Sunday, December 5, 2010

I am Thankful for My Mother’s Birthday

Today is the day we would have celebrated my mother’s eightieth birthday. We would have celebrated her birth today but she wasn’t born on December fifth. She had always thought that was her birthday, but she, like all of her siblings, was born at home without a doctor present. When she turned sixty-two she applied for social security as a dependent of my Dad. (She had never worked outside of the home.) When she went to get proof of birth she discovered her birth date was actually December 6.

Mom passed over into the presence of the Lord at the end of March, 1998. Her life was marked by uncommon love: love for God, love for the Word of God, love for my father, love for her children and grandchildren, love for her parents and siblings, love for her nieces and nephews and their children, love for her church family, and the list goes on. Her love was deep, longsuffering, and pure.

Her sixty-eight years were also marked by uncommon pain, physical pain. She had chronic kidney problems from the time of her early teens: stones, tumors, prolapsed valve, and atrophy. In the late sixties she was told she had just a few years to live. God promised her she would live to see her children grow up and she did. He didn’t promise her freedom from pain and she suffered daily. In her words, “it’s like a hot knife stuck through my kidney and someone is twisting it all the time.” In 1976 one of her kidneys was removed and she was told that she would soon have to live on dialysis.

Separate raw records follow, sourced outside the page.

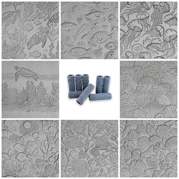 Seamless Ocean Clay Texture Roller Set #01 - Coastal Creatures & Shells and Seafloor (4")
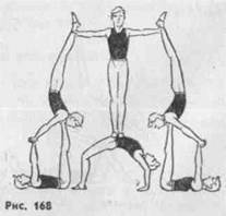 По количеству участников и технической сложности разнообразие пирамид безгранично. Наиболее популярны в школах, низовых коллективах физической культуры пирамиды с участием трех («тройки»), четырех («четверки»), пяти («пятерки»), шести («шестерки») человек (рис. 165—168). 12.2.6. Бросковые упражнения' Обучение бросковым упражнениям и индивидуальным акробатическим прыжкам взаимосвязано. Часто бросковые упражнения используются для овладения аналогичными индивидуальными прыжками и наоборот. Полупереворот назад со спины с подбрасыванием нижним за ноги (рис. 169). Верхний, приняв исходное положение, вытягивает ноги вверх, затем сгибает, тотчас же резко выпрямляет их вверх и отталкивается руками от пола. Нижний направляет бросок вверх и от себя. Кувырок назад по спине партнера (рис. 170). Партнеры захватывают друг друга под плечи. При выполнении нижний спиной толкает партнера вверх, а верхний отталкивается ногами.
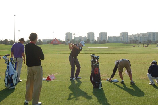 Fellow Team Austria staffer Bernd Wiesberger with his coach looking on
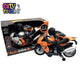 - Simulate the front of the vehicle, link the wheel of the motorcycle to the vehicle, turn the handlebar left and right, and the wheels will rotate accordingly. Simulation seat, clear texture body, cool high intensity LED headlight, exquisite detail
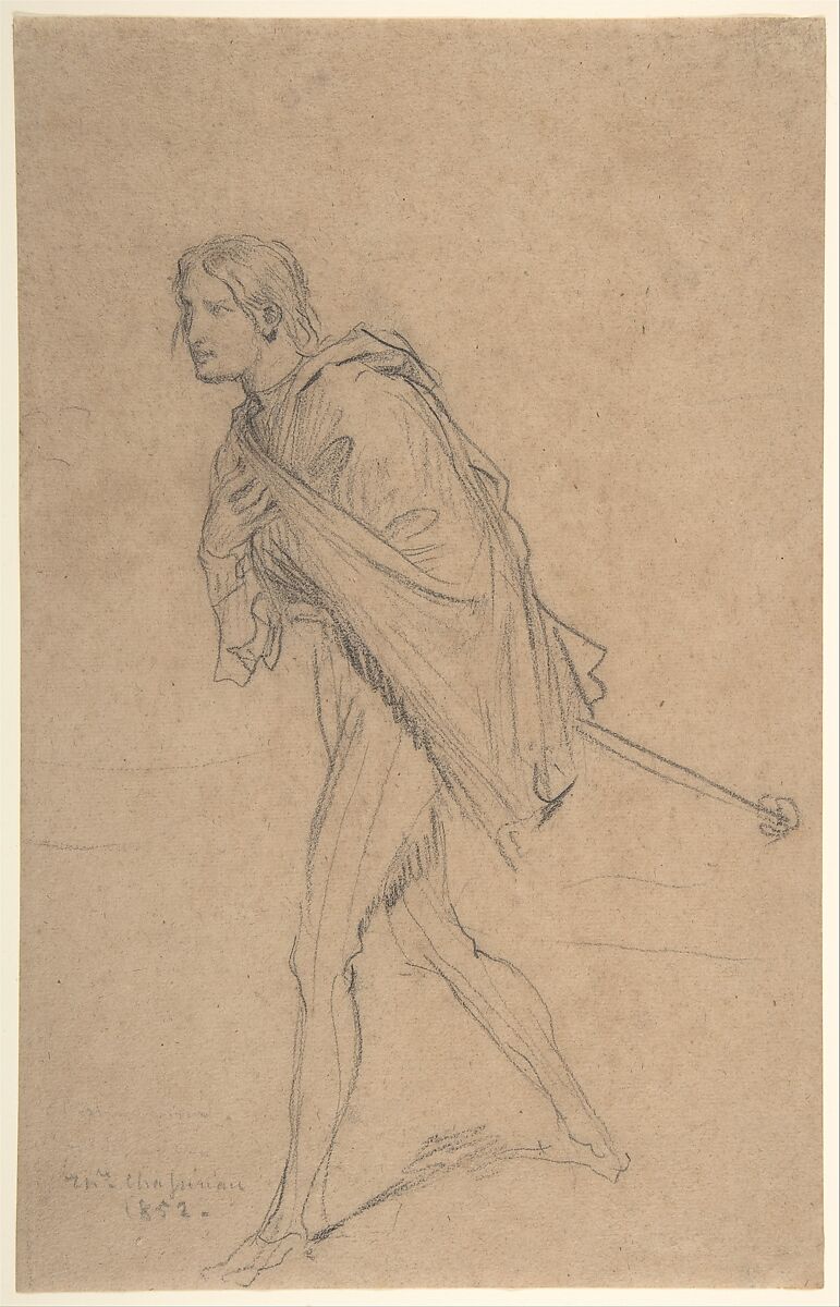 Between 1852 and 1855 Chassériau returned to Shakespearean themes in his paintings and drawings, using an 1844 series of fifteen etchings devoted to Othello as a starting point. This image of Cassio relates to plate 6, where Desdemona tells Cassio that she will plead his cause with her husband (see: 64.599.1).

God promised her she would not have to live on dialysis and she didn’t. For twenty years a series of doctors told her she would be on dialysis within six months, but she never was at least not until the last three days of her life.

Everyone who knew my mother knew she was passionate about serving God. She loved to teach and preach the Bible. The Presence and the Word of God were woven into every conversation. Those who spent any time in her house knew she was a fervent prayer warrior. She talked to God and He often talked to her. When she died I became a catholic in the sense that I now occasionally talk to a saint in heaven with full assurance that she is praying for me and that she has the ear of Jesus. If God answered her prayers when she was with us, surely He is answering her prayers now that she is with Him.

Missing her greatly and remembering her fondly on her birthday.

Cleveland, Tennessee
December 5, 2010
JDJ

1 comment:

Anonymous said...

I miss her also. I miss her love, her cooking, and I really miss her prayers.